The new season aims to elevate concertgoers to new artistic heights with Beethoven’s Ninth Symphony and works from Tchaikovsky.
Elliot Moore, Music Director & Conductor, Longmont Symphony Orchestra

Longmont Symphony Orchestra, or LSO, unveiled its 2023/2024 season, aptly themed "Shoot for the Stars" which aims to elevate concertgoers to new artistic heights by performing Beethoven’s Ninth Symphony and emotive works of the romantic composer, Tchaikovsky.

LSO’s Conductor and Music Director Elliot Moore unveiled intentions that it is a pivotal point in the symphony’s history, reflecting the orchestra’s ambition to mirror the growth and enthusiasm of the community.

"The board is really embracing the future of Longmont and the role that arts, culture and music are going to play as Longmont continues to come into its own,” Moore shared with infectious excitement. 

This season represents a significant stride towards that vision. For the first time in 57 years, Moore revealed that all the musicians in the symphony are paid, with the orchestra offering the closest thing to a competitive wage it has ever done. 

The journey towards this transformation hasn't been solitary. The supportive board and relentless efforts from Executive Director Laurie Brook and Board President Stevan Kukic have been instrumental in this trajectory. 

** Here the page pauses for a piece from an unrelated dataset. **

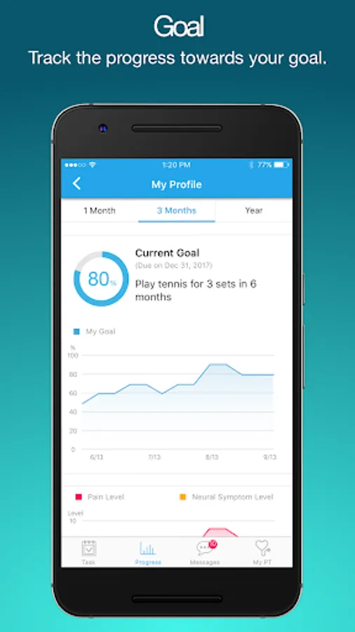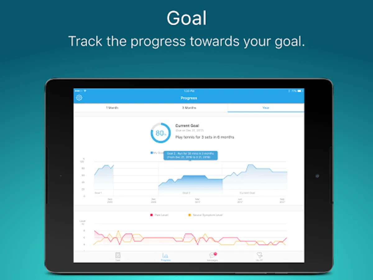 The progress graph allows you to monitor your pain and movement over the period of your exercise program. This information is also sent to your therapist so that she/he can assess your progress and adjust your program accordingly.

Moore further disclosed, "What I have at my disposal right now is a board that wants this to go to places that people never thought possible, previously."

Their ambition isn't just to put on a good show, they're working tirelessly to put the arts on the map in Longmont. As they embark on this new journey, the LSO isn't just shooting for the stars, they're aiming to become one, shining brightly in the constellation of Longmont's community.

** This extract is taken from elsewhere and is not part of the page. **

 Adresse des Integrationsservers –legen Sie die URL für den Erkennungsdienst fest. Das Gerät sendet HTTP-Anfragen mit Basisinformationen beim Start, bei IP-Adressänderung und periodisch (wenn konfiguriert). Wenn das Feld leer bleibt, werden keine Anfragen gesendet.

With his finger on the pulse of Longmont, this season's line-up was curated under Moore’s discerning ear, encapsulating his vision for LSO. His goal for the LSO is to generate awe-inspiring music that thrills music lovers and community members alike.

The Ninth Symphony of Ludwig van Beethoven is an immense part of Moore's artistic vision. The piece, with its choral and solo vocal parts, requires intricate preparation and coordination among different groups: vocal soloists, orchestra and choir. Moore will work with each group separately, ensuring each understands their individual roles before uniting everyone.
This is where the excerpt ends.